Fig no 4 SAR of Quinolone antibacterial.

1. Position 1: If substitution of bicyclic ring system it exert its key effect on therapeutic

effect of this drugs and usually it also improves the pharmacokinetic effect and enhance

the antibacterial activity e. g. Moxifloxacin, however these modification may produces

adverse effect on human being. If substitution of cyclopropyl group at N 1 position this

modification usually shows increase in antibacterial activity against typical bacteria such

as Chlamydia, mycoplasma. If substitution of 2, 4 diphenyl group at N1 position it

improves the antimicrobial activity e. g. Temafloxacin, Trovafloxacin but nowadays,

Trovafloxacin has been withdrawn from market due to its liver toxicity.

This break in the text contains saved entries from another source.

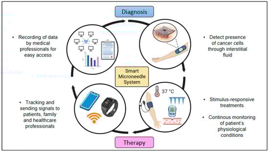 Researchers are also constantly trying to design and construct smart microneedle systems, such as a microneedle patch that is embedded with biosensors and has wearable applications or tattoo-based application. This system would be able to offer a multifunctional approach that would bring cancer therapy to a whole new level. This could also allow the transmission of personalized health data wirelessly, as well as achieving personalized diagnostics through telemedicine and cloud medicine []. The biomaterials in a smart microneedle system can be specifically designed to be sensitive to a specific stimulus present in the tumor microenvironment, e.g., temperature, pH, the wavelength or intensity of incident light or an electrical or magnetic field; and to then respond in active ways including changing their structure for drug delivery, radioprotection, priming an immune response, or other functions that have the potential to enhance cancer diagnosis and therapy []. The delivery of drugs through the microneedles could also be monitored, and this would greatly aid family members and medical practitioners to keep track of the conditions of the patients. This system could also be adapted as a blockchain system in future medical care to allow easy transmission of health data with traceability and trackability features which could also maintain more transparency and avoid any problems that may arise. Figure 4 shows the schematic diagram of a smart microneedle system which would greatly benefit future cancer therapy.
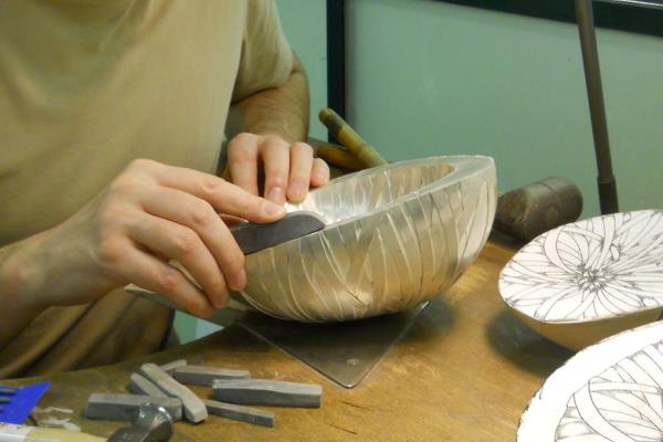 For over 25 years Kevin Grey worked in factories making metal parts for luxury cars, but as the industry became less about human skill and more about machines, Kevin felt a desire to return to making things by hand. So he decided to give up his job and retrain as a silversmith. “It just felt right,” he says, and indeed it was the right decision, since he is now one of the UK’s foremost silver sculptors. Working out of his studio in the famous Birmingham Jewellery Quarter, the home of British jewellery making for hundreds of years, he has won the prestigious Goldsmith Company Award three times.
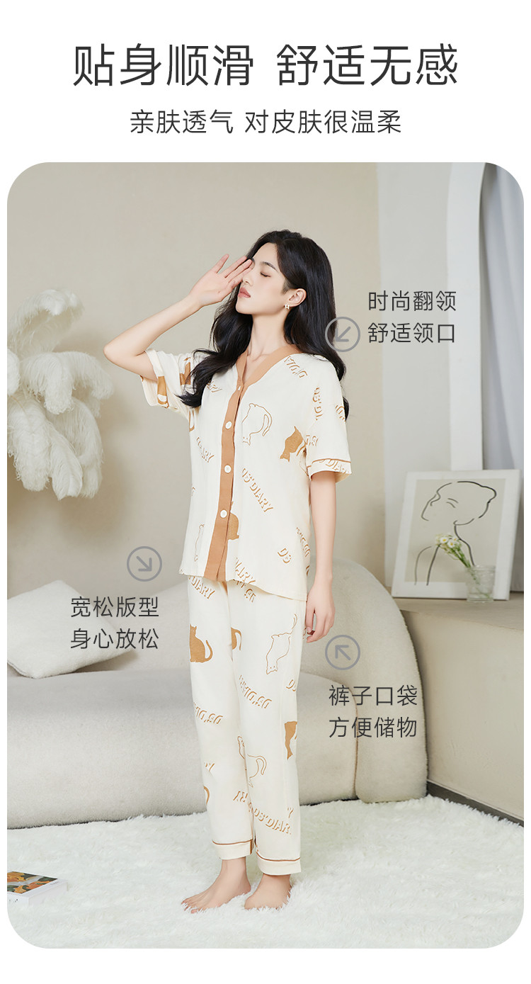 商品名称:【断码捡漏纯棉】女士睡衣夏季薄款家居服两件套高级感纯棉睡衣女 801355

a. 1, 8 Naphthyridine nucleus is responsible for antibacterial activity. If attachment of side

chain at N1 position by any groups it significantly affect antibacterial activity. If

substitution of methyl or amino group at N1 position it improved the antibacterial activity

e. g. Sparfloxacin- Substitution of methyl group at N1 position.

b. The side chain attached with nitrogen containing atom, it significantly affects the potency

of drug.[31]

2. Position 2: If reduction of double bond at position 2, 3 it eliminates antibacterial activity.

If substitution of any group at 2 positions it interfere with DNA gyrase enzyme- substrate

complex or it may inactivate the molecule.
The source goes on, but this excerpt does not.